Enabling Bud’s enviable history of success in business are core personal principles that guide his life, and inspire others around him. I remember my first Cinedigm executive team off-site meeting. We were just getting started with our digital cinema business and looking to accelerate it together with our existing software and content delivery businesses. I was fairly new at the company, all excited to get together with my new colleagues. So at 8:30 in the morning, the day after a long week at what was then called ShoWest, there we all were, 20 senior executives, expecting to hear about our vision and mission, structure and process, all the usual off-site meeting agenda topics. Instead Bud’s began the meeting by telling us: “First, I want you to take care of yourselves; to exercise, eat well, get your rest, spend time with your family and your friends.” Okay, I thought to myself, that makes sense, the by-product of all that will make us better able to do our work at the highest level of performance. “Second,” he continued, “I want you to make yourself the kind of person others want to see succeed.” So Bud wanted a company full of good people, competing aggressively for sure, but morally, and succeeding by doing the right thing always. I was hooked.

As I got more involved in the company, and my responsibilities, and the company, began to grow, Bud asked me if we could have a regular weekly call to keep more closely updated with everything going on. We set the calls for Friday morning. One week he called to tell me he could not make it that Friday but could we do it anytime over the weekend when I had some free time. I was playing golf Saturday morning so I asked Bud if we could have our call after that. He said that was perfect, he would be on his way home from an all-day workshop. I assumed it was some public company CEO event, maybe an SEC or a corporate governance seminar. So when we got on the call I asked him how the seminar had been. He said, “It was great, I’ve always wanted to do clay sculpture.” I laughed and told him I had assumed it had been a business thing. Bud replied, “You have to take time to feed the soul, too.”

Throughout our industry people know the enormous professional and personal success Bud has achieved over the years. He would be the first to tell you that a good amount of that success is owed to the many people that have been a part of his team, some going back many years and continuing forward together from Clearview, to Cinedigm, to Digiplex and Carmike, and now New Vision Theatres. Bud engenders that much loyalty, respect and affection. He would tell you a great deal of his success also is owed to his family that is so important to him: his wife, Sudy, his four children, his nine grandchildren.

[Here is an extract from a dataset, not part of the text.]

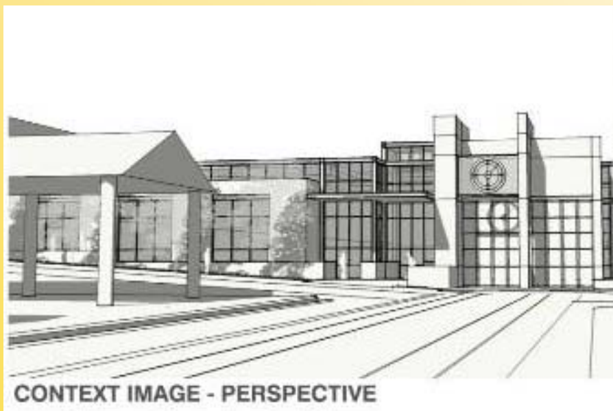
CONTEXT IMAGE - PERSPECTIVE

As Bud, and so many of us on his veteran team, now begin yet another new venture together, you can be sure we will do our best to follow Bud’s example: to take care of ourselves, to make ourselves the kind of person that others want to see succeed, and, yes, to take some time to feed our souls as well. And ultimately enjoy more success together, both professionally and personally. As we continue to “figure it out” every step of the way.